Alisha and Leslie, thanks for your comments on the last post. I appreciate your support/input.

I want nachos.

Also, God is good. I'm learning and growing and it's hard but I'm so glad. The process is so ugly, but so necessary... and beautiful in a messy art kind of way.

I have a lot of thoughts, but I can't formulate them at the moment. Please wait anxiously.

With love, Shannon.

Friday, August 3, 2012

Well, sister-friends. Some time has passed and I've had some moments of laughter and stuff... but as soon as I am alone, it gets dark.

It isn't this way, but the evil, black swan part of me sees God saying, "Well, you want something to be sad about?" And then my wedding ring was gone. For two days I was like, "it'll appear on my windowsill or in my car cup holder." But it hasn't. The short story is that for the last year and a half I've taken my wedding ring off at yoga and put it in my shoe with my keys on top of it. Yes, occasionally I took it off by my mat, or left it on the windowsill by accident. Most of the time in my shoe though. This time I got to the truck and realized I didn't have it on and I was thinking I left it on the chair where I sit to put my shoes on after class. It wasn't there. I didn't hear it hit the floor. Everyone there was helping me look for it, and I swear not a soul there would steal a wedding ring.

So, I appreciate prayers. I love those hopeful I-found-mine-in-a-drawer-a-year-later stories. But mine is likely gone. I'm going to check pawn shops. People have told me to call the city. The frustrating part that made me cry myself to sleep last night is that it just doesn't make sense, and I can't seem to remember the details.

This isn't just the ring issue now, this is my stress/depression level. I cry at the drop of a hat. There are times when I can't breathe and I feel nauseous. The panic flutter in my chest. My jaw hurts. My face is stuck looking sad. and I'm thinking, "This again?" I thought I was done with it. My wall is getting thicker.

Last week Tyler said to me, "You're hurting God's feelings." It didn't even make sense to me. That's how far gone my narcissistic brain is. How could a piece of shit hurt God's feelings, I thought... Tyler said I live my life like Jesus didn't die for my sins. I cried very hard.

Anyhow, last night he said, "I think I'm mad at you for losing your ring." and I responded, "I know." I knew it would hit him after a day or two like it did me. I have been known to be irresponsible and to not care for things as I should. Maybe I'm too trusting of people. Yoga was the only thing I ever took my ring off for. I suppose it was irresponsible.

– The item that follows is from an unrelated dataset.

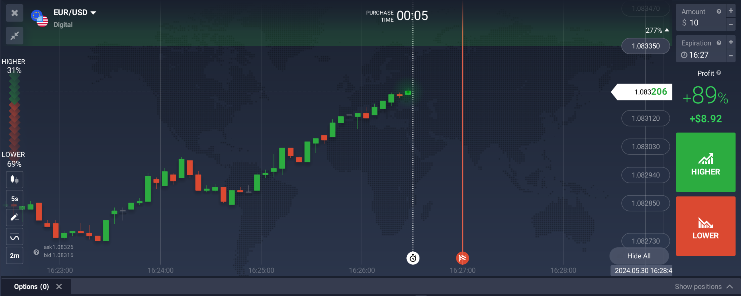 La idea principal de las opciones binarias es beneficiarse de hacer la predicción correcta sobre la dirección del precio. Puedes abrir una operación haciendo clic en «Más alto» si crees que el precio seguirá subiendo, o en «Más bajo» si crees que podría bajar. El beneficio se recibe si la predicción es correcta en el momento del vencimiento. Para convertirte en un profesional de las opciones binarias, lee la guía completa sobre trading de opciones binarias.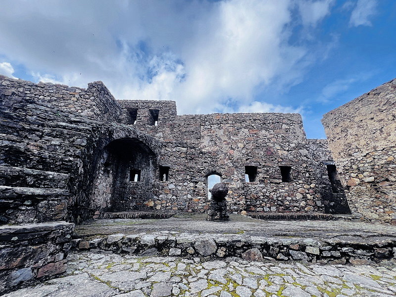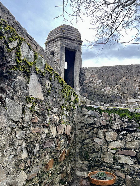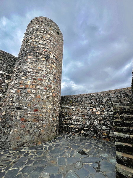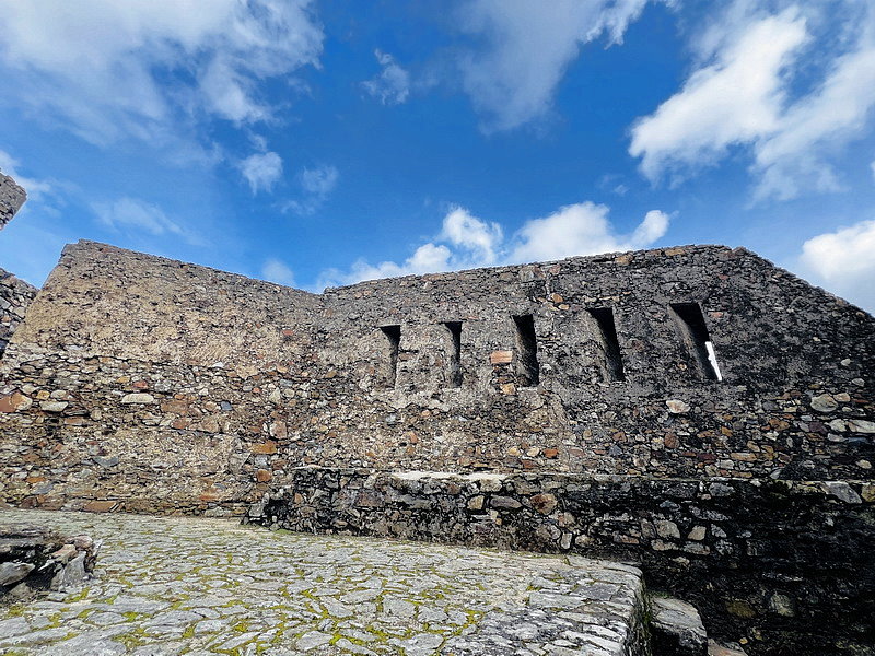 城牆完全由岩石所建成,旁邊有以前留下來的砲管,對著山腳下的平原。往牆邊走去,可以看到山城邊緣的山壁,陡峭的山壁形成天然壁壘。

I don't know what to learn from this. I didn't know what to learn when Milton got hit by a car. I just know that I prayed like that Papa Prayer book said to. Of course Milton did not come home and I was so angry at that effing book, but I'm thankful for the closure I had... even though it was not cute or peaceful like I'd hoped. But we have Charlotte now. I guess I'm just looking for that closure. It's not about the money spent or the diamond. If I knew someone crushed it with their car, or that someone stole it and it's in another state now, it would be better than wondering if it was sitting in the bushes on Main Street. It's that my sweet husband picked it out four years ago and he loved it probably as much as I did. I was going to keep it until I was old and never "upgrade" because it was perfect. Then my grandson could have it for his wife and it would be an antique. Ok, so that's not as big of a deal. But we all have dreams.

So I'm wearing my purity ring. It was really brown and gross, but since I started wearing it the silver polished itself. I think I decided I will just wear this. I don't want to pick out something cool. I don't need anything else. Maybe someday when time heals our hearts or my fingers get too fat, Tyler can get me a ring that he loves and I will love it too. No diamond, just a band with my phone number engraved on the inside.